EXERCISE PROMPT
Copy the data that follows, character for character, minus the pictures.

MATERIALS PROVIDED

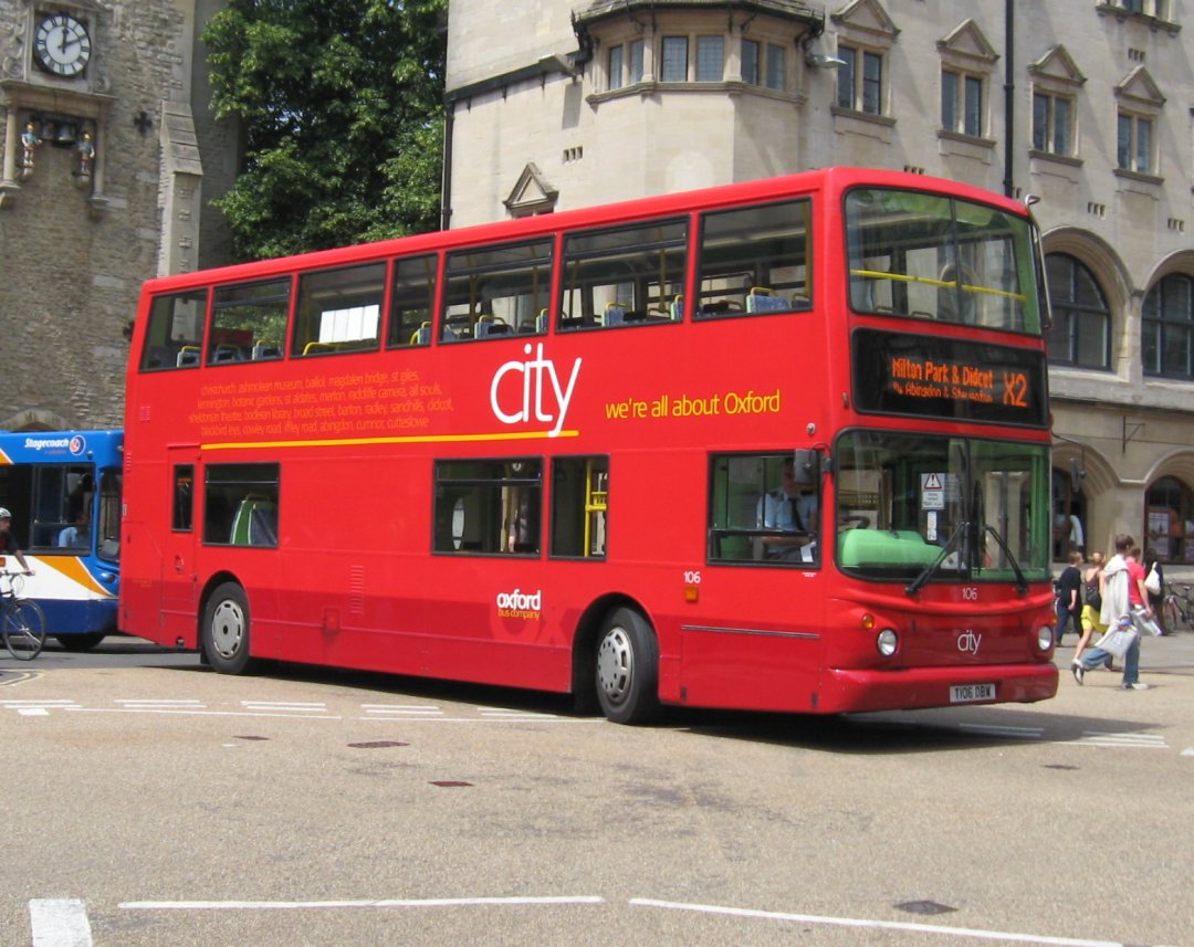 On that Trident theme, red 106, looking very smart, was on the X2 to Didcot and is pictured at Carfax
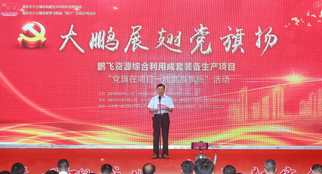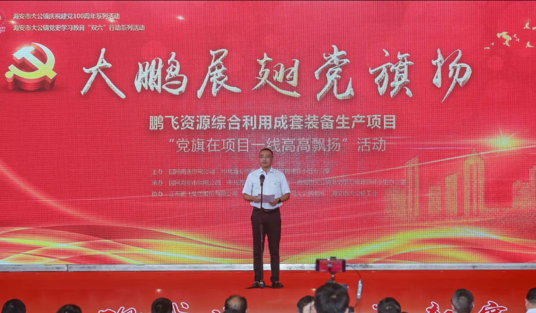 “將企業(yè)生產(chǎn)經(jīng)營與項目建設(shè)融入黨史學(xué)習(xí)教育,以黨建為引領(lǐng),讓支部建在項目上、黨旗飄在陣地上、黨員沖在火線上、關(guān)愛工人在心上,切實讓黨旗在項目一線高高飄揚……”6月16日下午,鵬飛資源綜合利用成套裝備生產(chǎn)項目“黨旗在項目一線高高飄揚”活動舉行,這也是海安市推動黨史學(xué)習(xí)教育“走深”“走心”“走實”,黨員干部在項目一線“建強(qiáng)組織筑堡壘、做優(yōu)服務(wù)強(qiáng)項目、為民辦事解難題”的真實寫照。
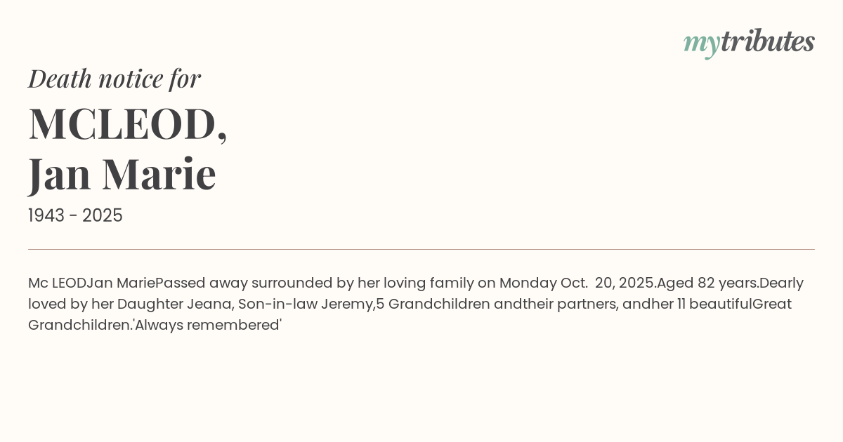 Passed away surrounded by her loving family on Monday Oct. 20, 2025.
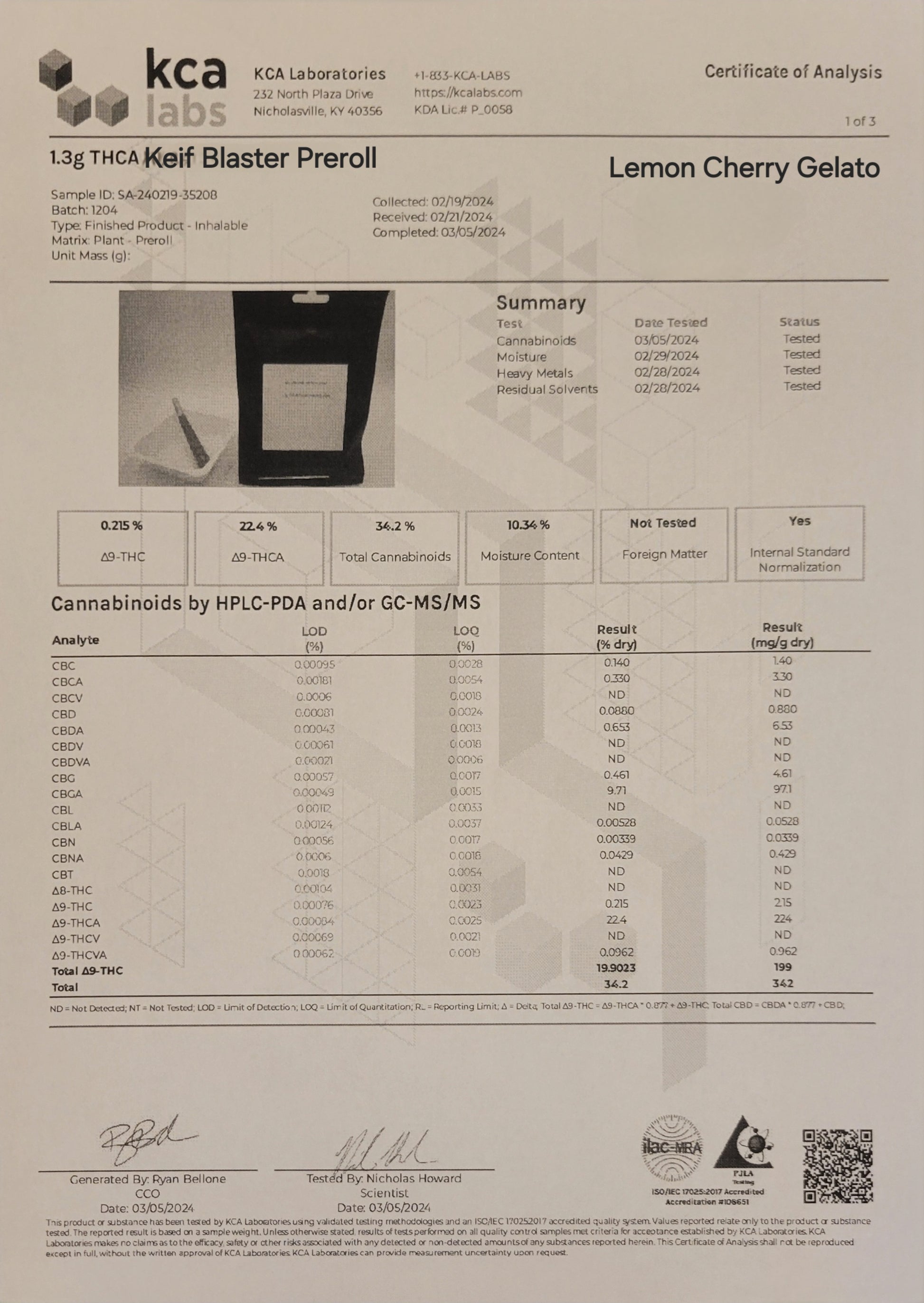 PreRoll Kief Blaster Singles 27.1% THCA 1.3g
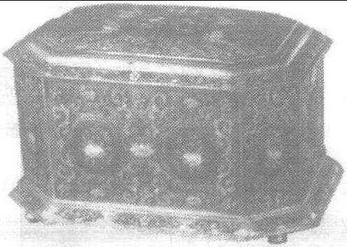 | 释义 | 清烧蓝五蝠捧寿八方盒系广州督抚为贺雍正皇帝寿诞之贡品。烧蓝即透明软珐琅,是珐琅工艺的一种。 系将透明珐琅料涂染在锤鍱隐起之金银器上,经低温烤熔而成。因其透明美观,且熔点低,容易烧制,故通行于民间。此盒高16.3厘米,口径16.9—25.4厘米。银胎涂金,八角形,平顶盖,削肩,用合叶与盒身相连,铆各色透明珐琅银片,棋子式四足。盖面饰海水江崖及五蝠捧寿。立墙饰勾莲纹。所填透明珐琅有宝蓝、浅蓝、浅绿、红、黄、紫多种。盒身八面有十个椭圆开光,镶玻璃,内衬彩绘折枝桃。盒盖内嵌装玻璃镜,供整容时用。盒内装有描金漆盒九个,其中墨绿地朱漆万寿园盒三个,朱红色描金蝙蝠形盒六个。此盒匠心独运,图案、色彩切合贺寿主题。
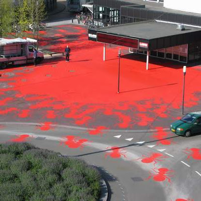 Cerca de 500 formigas vermelhas foram espalhadas pelo artista Henk Hofstra na cidade de Drachten, na Holanda. A maioria se concentrava em frente ao teatro De Lawei, presente do artista aos 50 anos de existência do local.
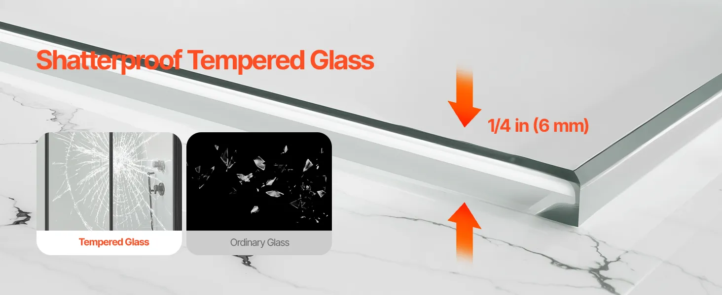 Tieto sklopné výklopné sprchové dvere, navrhnuté pre maximálnu bezpečnosť a odolnosť, sú vybavené hrubým tvrdeným sklom, ktoré poskytuje vynikajúcu ochranu proti prípadným prasklinám a rozbitiu. Jeho robustná konštrukcia zaručuje pokoj pri každom použití.
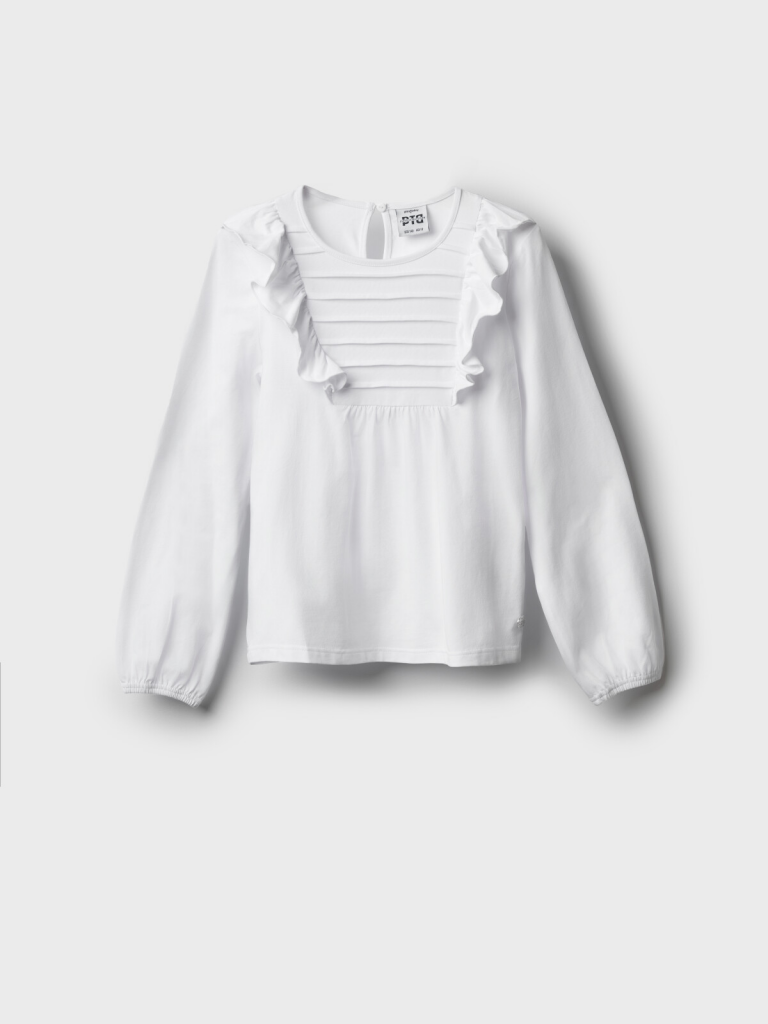 Белая нарядная блузка для школыИдеальный вариант на 1 сентября и для повседневной носки! Эта трикотажная блузка сочетает нарядный дизайн и комфорт для учебы.Ключевые особенности:+ Романтичные воланы по переду - создают праздничный образ+ Посадка comfort - не сковывает движения во время занятий+ Резинка на рукавах - обеспечивает идеальную посадкуПочему стоит выбрать:Подходит как нарядный вариант на 1 сентября, так и для повседневной носкиУдобный крой для девочки-школьницы и подростка.

SOLUTION
 On that Trident theme, red 106, looking very smart, was on the X2 to Didcot and is pictured at Carfax
 “將企業(yè)生產(chǎn)經(jīng)營與項目建設(shè)融入黨史學(xué)習(xí)教育,以黨建為引領(lǐng),讓支部建在項目上、黨旗飄在陣地上、黨員沖在火線上、關(guān)愛工人在心上,切實讓黨旗在項目一線高高飄揚……”6月16日下午,鵬飛資源綜合利用成套裝備生產(chǎn)項目“黨旗在項目一線高高飄揚”活動舉行,這也是海安市推動黨史學(xué)習(xí)教育“走深”“走心”“走實”,黨員干部在項目一線“建強(qiáng)組織筑堡壘、做優(yōu)服務(wù)強(qiáng)項目、為民辦事解難題”的真實寫照。
 Passed away surrounded by her loving family on Monday Oct. 20, 2025.
 PreRoll Kief Blaster Singles 27.1% THCA 1.3g
 | 释义 | 清烧蓝五蝠捧寿八方盒系广州督抚为贺雍正皇帝寿诞之贡品。烧蓝即透明软珐琅,是珐琅工艺的一种。 系将透明珐琅料涂染在锤鍱隐起之金银器上,经低温烤熔而成。因其透明美观,且熔点低,容易烧制,故通行于民间。此盒高16.3厘米,口径16.9—25.4厘米。银胎涂金,八角形,平顶盖,削肩,用合叶与盒身相连,铆各色透明珐琅银片,棋子式四足。盖面饰海水江崖及五蝠捧寿。立墙饰勾莲纹。所填透明珐琅有宝蓝、浅蓝、浅绿、红、黄、紫多种。盒身八面有十个椭圆开光,镶玻璃,内衬彩绘折枝桃。盒盖内嵌装玻璃镜,供整容时用。盒内装有描金漆盒九个,其中墨绿地朱漆万寿园盒三个,朱红色描金蝙蝠形盒六个。此盒匠心独运,图案、色彩切合贺寿主题。
 Cerca de 500 formigas vermelhas foram espalhadas pelo artista Henk Hofstra na cidade de Drachten, na Holanda. A maioria se concentrava em frente ao teatro De Lawei, presente do artista aos 50 anos de existência do local.
 Tieto sklopné výklopné sprchové dvere, navrhnuté pre maximálnu bezpečnosť a odolnosť, sú vybavené hrubým tvrdeným sklom, ktoré poskytuje vynikajúcu ochranu proti prípadným prasklinám a rozbitiu. Jeho robustná konštrukcia zaručuje pokoj pri každom použití.
 Белая нарядная блузка для школыИдеальный вариант на 1 сентября и для повседневной носки! Эта трикотажная блузка сочетает нарядный дизайн и комфорт для учебы.Ключевые особенности:+ Романтичные воланы по переду - создают праздничный образ+ Посадка comfort - не сковывает движения во время занятий+ Резинка на рукавах - обеспечивает идеальную посадкуПочему стоит выбрать:Подходит как нарядный вариант на 1 сентября, так и для повседневной носкиУдобный крой для девочки-школьницы и подростка.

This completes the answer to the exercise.